#### [Work instruction]
Output exactly, in the material below, the lines from the one with "お掃除ロボのルンバのように軽" through the one with "随后车上的一位男士下车拨了个". Omit all pictures.

#### [Information shown]
============

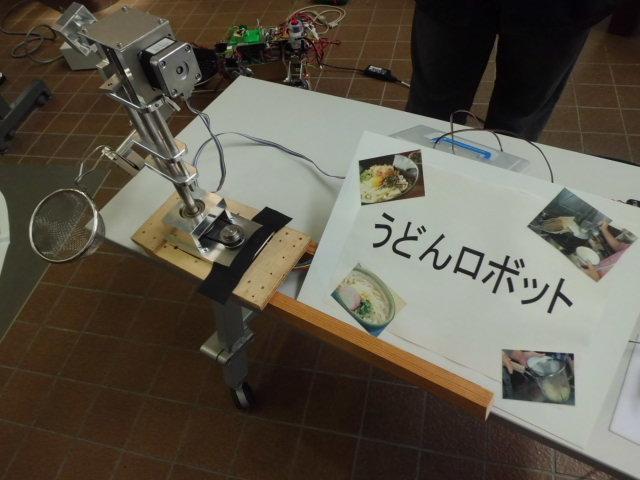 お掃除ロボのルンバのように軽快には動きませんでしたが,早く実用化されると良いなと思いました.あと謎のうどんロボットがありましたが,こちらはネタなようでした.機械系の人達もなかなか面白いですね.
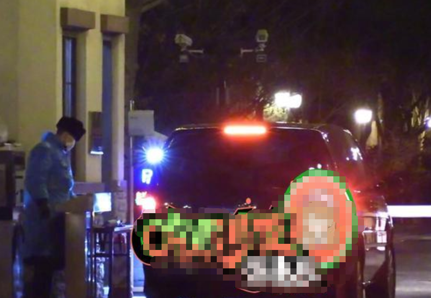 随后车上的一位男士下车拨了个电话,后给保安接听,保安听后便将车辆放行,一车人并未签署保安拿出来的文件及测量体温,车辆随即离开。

============

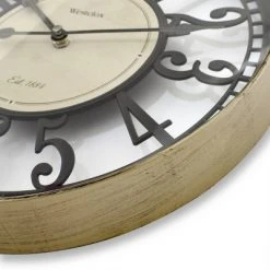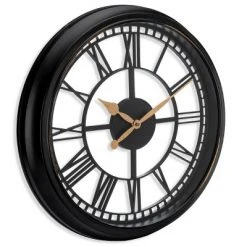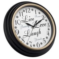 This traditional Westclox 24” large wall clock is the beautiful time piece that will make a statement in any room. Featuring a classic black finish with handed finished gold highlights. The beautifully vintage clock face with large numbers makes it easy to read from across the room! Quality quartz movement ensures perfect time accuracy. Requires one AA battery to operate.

============

#### [Answer box]
 お掃除ロボのルンバのように軽快には動きませんでしたが,早く実用化されると良いなと思いました.あと謎のうどんロボットがありましたが,こちらはネタなようでした.機械系の人達もなかなか面白いですね.
 随后车上的一位男士下车拨了个电话,后给保安接听,保安听后便将车辆放行,一车人并未签署保安拿出来的文件及测量体温,车辆随即离开。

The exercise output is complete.